Paleo Mexican Layered Dip
Prep Time: 10 minutes
Total Time: 20 minutes
Serves: Varies (double for a large party)
•1 (8oz.) package tempeh
•1 can black beans
•½ cup tomato sauce
•1 small onion, diced
•½ red pepper, diced
•½ green pepper, diced
•2 cups guacamole
•1 cup canned green chilis, diced
•½ cup sliced black olives
•1 large tomato, diced
•⅓ cup fresh cilantro
•Avocado oil for sautéing
•4 Tbsp taco seasoning (or make your own using: 1 Tbsp chili powder, ½ tsp paprika, 1 ½ tsp cumin, ¼ tsp garlic powder, ¼ tsp onion powder, ¼ tsp red pepper flakes, 1 tsp thyme, 1 tsp oregano, 1 tsp black pepper, 1 tsp salt)
•Optional: top with crumbled non-dairy cheese
1. Blend your spices if creating your own seasoning.
2. Drain black beans and mix with 2 Tbsp. Taco seasoning in a small bowl.
3. Pulse tempeh in food processor until it’s the consistency of crumbles.
4. In a sauté pan, add a dash of avocado oil over medium heat.

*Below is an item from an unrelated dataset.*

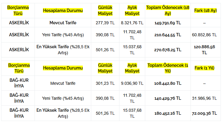 Bu tabloda, Askerlik Borçlanması ve Bağ-Kur İhya Borçlanması için mevcut ve olası zamlı tarifeler arasındaki karşılaştırmalı farklar gösterilmektedir.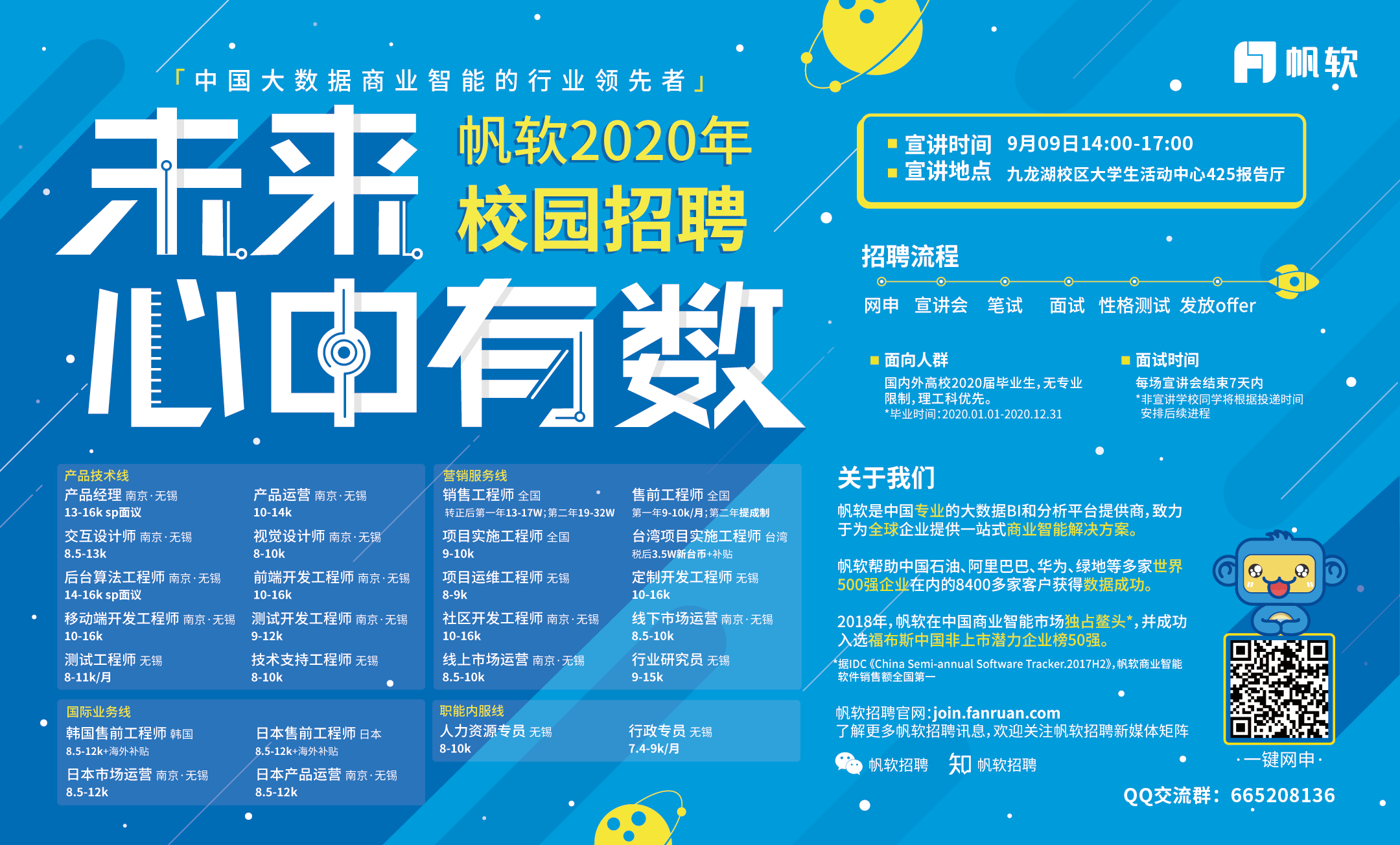 想要获取更多信息可以加入我们的QQ群:帆软20届校招-苏皖答疑: 665208136

Add onions, red and green peppers, beef sticks, and tempeh.
5. Cook until browned, then stir in taco seasoning and tomato sauce. Let simmer while chopping your other veggies.
6. Dice all veggies, keeping them separate for now.
7. Once the tempeh has reduced and thickened for 5-7 minutes, remove from heat and use as your bottom layer for your dip on whatever serving dish you’re using.
8. Add layer of seasoned black beans.
9. Add another layer consisting of half of your diced tomatoes and half of your chilis.
10. Next, add your guacamole layer and top with your sliced olives, remaining chilis and tomatoes, and chopped fresh cilantro.
11. Optional: top with non-dairy crumbled cheese of choice (although we wouldn’t recommend any pungent flavors like blue cheese!)
12. Serve with plantain chips for a sweet offset to all this spice.